DATASET CONTENT
* * * * * * * * *

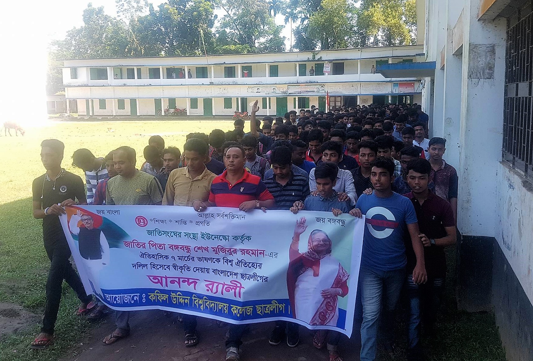 বঙ্গবন্ধুর ঐতিহাসিক ৭ই মার্চের ভাষণকে ‘ইউনেস্কো’ কর্তৃক মেমোরী অব দ্যা ওয়ার্ল্ড বুকে স্বীকৃতি দেওয়া লক্ষ্মীপুরে অভিনন্দন র‌্যালি করেছে ছাত্রলীগ। রোববার বেলা ১১টায় জেলার কফিল উদ্দিন বিশ্ববিদ্যালয় কলেজ ক্যাম্পাসে এ অভিনন্দন র‌্যালি অনুষ্ঠিত হয়। র‌্যালিটি কলেজের শহীদ মিনার প্রাঙ্গণ থেকে শুরু হয়ে কলেজ ক্যাম্পাস পদক্ষিণ করে ছাত্র সংসদের সামনে গিয়ে সমাবেশ করে।
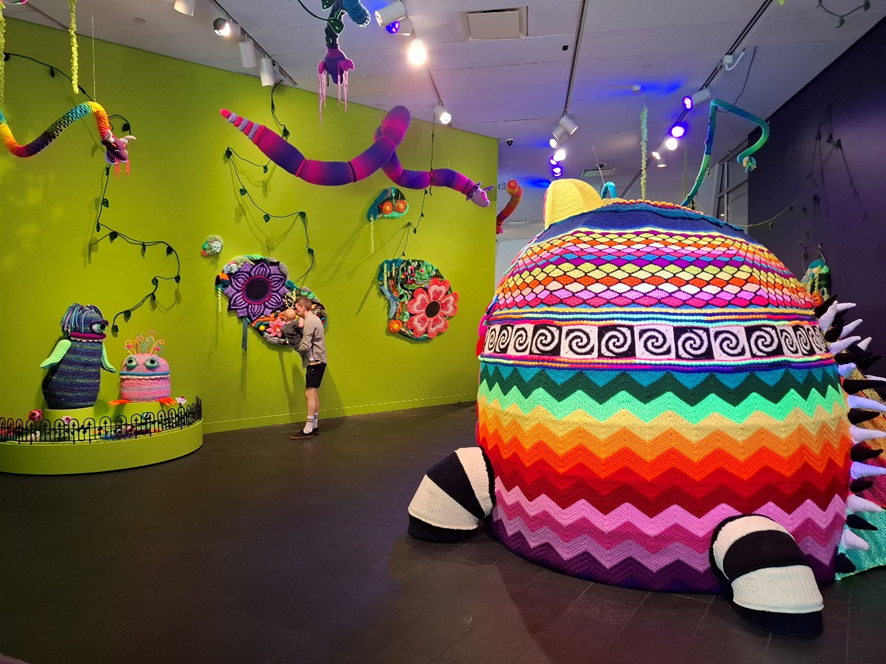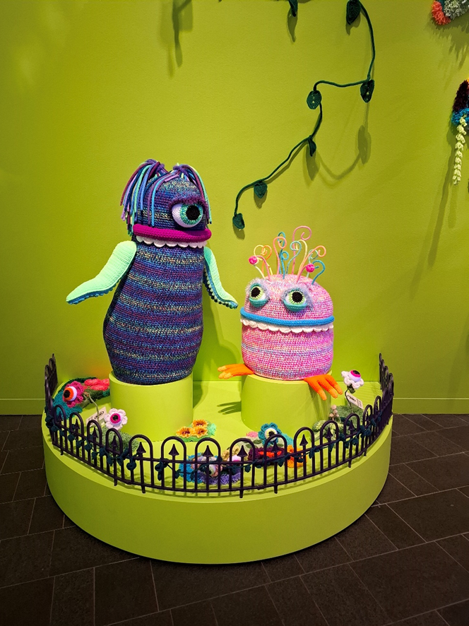 Numa das salas estavam expostas obras de arte feita com crochê e tricô, fazendo uma mistura interessante entre essas técnicas longevas de tecer e os personagens representados aludindo-se, pelo que eu senti, a bonecos de desenhos animados ou ilustrações atuais.
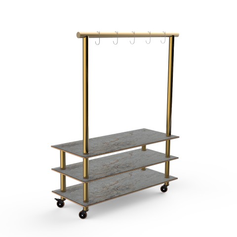 Mogogo Buffet Solutions Modular Classic Arch Unit, 3-tier, 71" x 29-1/2" x 96"H, rectangular, (5) hooks, grey slate BHP high pressure laminate with bamboo core top, brushed brass casters, knockdown (covers not included)

* * * * * * * * *

HOW TO COMPLETE THIS TASK
Omit the images; transcribe the listing verbatim.

SOLUTION
 বঙ্গবন্ধুর ঐতিহাসিক ৭ই মার্চের ভাষণকে ‘ইউনেস্কো’ কর্তৃক মেমোরী অব দ্যা ওয়ার্ল্ড বুকে স্বীকৃতি দেওয়া লক্ষ্মীপুরে অভিনন্দন র‌্যালি করেছে ছাত্রলীগ। রোববার বেলা ১১টায় জেলার কফিল উদ্দিন বিশ্ববিদ্যালয় কলেজ ক্যাম্পাসে এ অভিনন্দন র‌্যালি অনুষ্ঠিত হয়। র‌্যালিটি কলেজের শহীদ মিনার প্রাঙ্গণ থেকে শুরু হয়ে কলেজ ক্যাম্পাস পদক্ষিণ করে ছাত্র সংসদের সামনে গিয়ে সমাবেশ করে।
 Numa das salas estavam expostas obras de arte feita com crochê e tricô, fazendo uma mistura interessante entre essas técnicas longevas de tecer e os personagens representados aludindo-se, pelo que eu senti, a bonecos de desenhos animados ou ilustrações atuais.
 Mogogo Buffet Solutions Modular Classic Arch Unit, 3-tier, 71" x 29-1/2" x 96"H, rectangular, (5) hooks, grey slate BHP high pressure laminate with bamboo core top, brushed brass casters, knockdown (covers not included)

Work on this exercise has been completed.